UN encourages new talks in dispute over Ethiopian dam
The UN Security Council on Wednesday encouraged Egypt, Ethiopia and Sudan to resume negotiations on contentious issue of water availability from the dam that Ethiopians are building on the main tributary of Nile River.
A brief presidential statement approved by all 15 council members said negotiations should resume at the invitation of the African Union's chairperson "to finalize expeditiously the text of mutually acceptable and binding agreement on the filling and operation of the (dam) within a reasonable time frame." "The Security Council calls upon the three countries to take forward the AU-led negotiation process in a constructive and cooperative manner," it said.

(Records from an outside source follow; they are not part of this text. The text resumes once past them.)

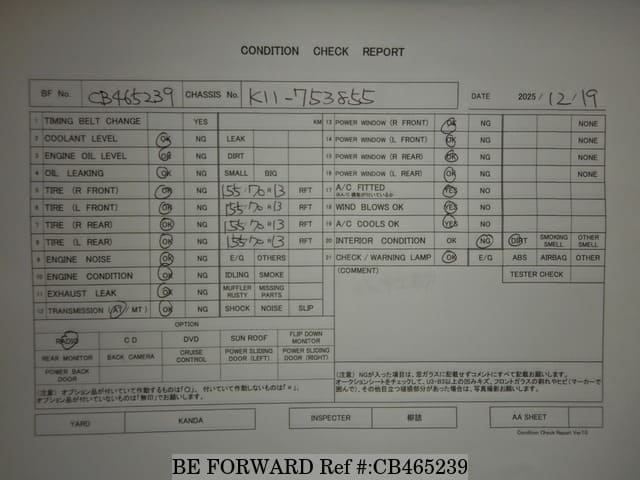 | შასის ნომერი | K11-753855 | ძრავის კოდი | CG10 |
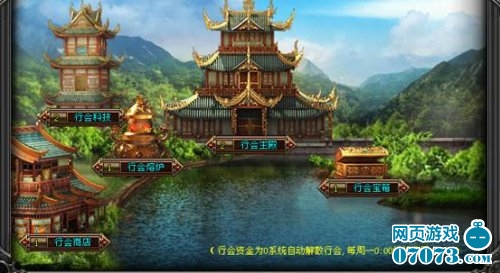 图上所示就是行会建筑的全图。这些建筑的等级都是需要靠行会资金来进行升级的。
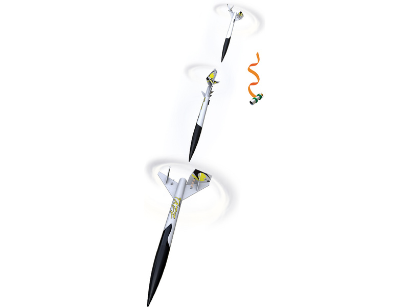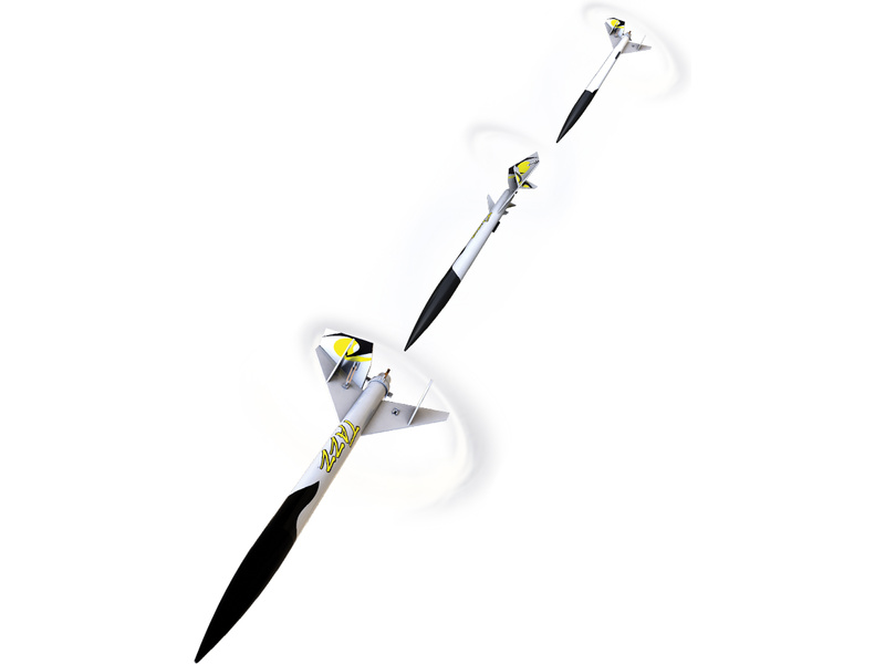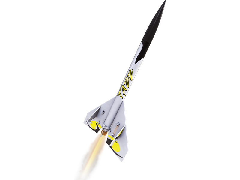 Model raketyEstes Tazz Kit, na raketové motory řady A - C. Po dosažení maximální výšky se odpojí část motoru, čímž se uvolní klapka na stabilizátoru a raketa ve vývrtce zamíří k zemi. Návrat motoru pomocí stuhy.
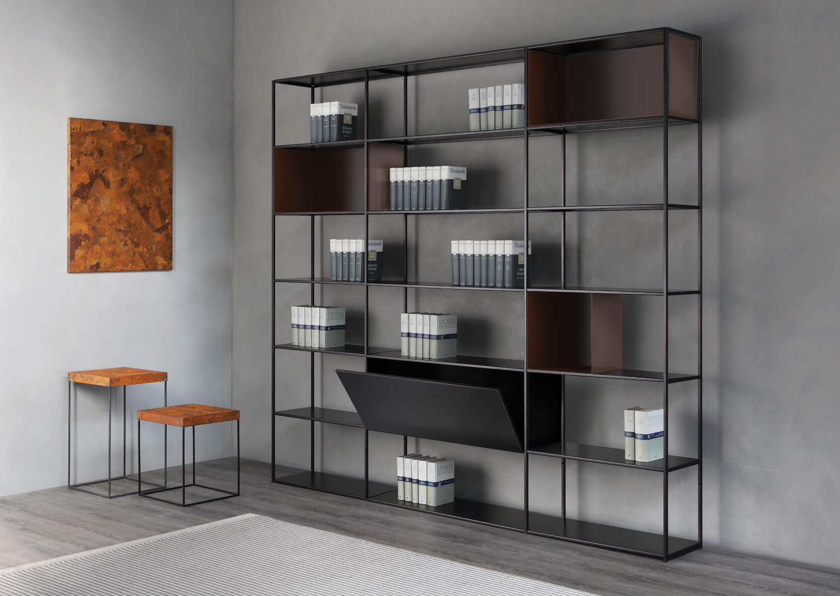 Das Easy Irony Bücherregal der Marke Zeus, gefertigt in Italien, ist ein äußerst elegantes und minimalistisches Bücherregal. Es besteht aus Metall, aus einer Konstruktion, die sich kinderleicht zusammenbauen oder demontieren lässt.

The dam on the Blue Nile is 80% complete and is expected to reach full generating capacity in 2023, making it Africa's largest hydroelectric power plant and the world's seventh largest, according to reports in Ethiopia's state media. Ethiopia says the $5 billion dam is essential to make sure the vast majority of its people have electricity. Egypt and Sudan have said 10 years of negotiations with Ethiopia have failed, and the Grand
Ethiopian Renaissance Dam is starting a second filling of its reservoir. They say this not only violates a 2015 agreement but poses "an existential threat" to 150 million people in their downstream nations.
Egypt's Foreign Ministry welcomed the statement as a "significant push" to the stalled negotiations and urged Ethiopia to engage "seriously" in talks to achieve a legally binding agreement on the filling and operation of the dam.
Sudanese Foreign Minister Mariam al-Mahdi also called for resumption of the talks soon to reach "an agreement acceptable for the three parties."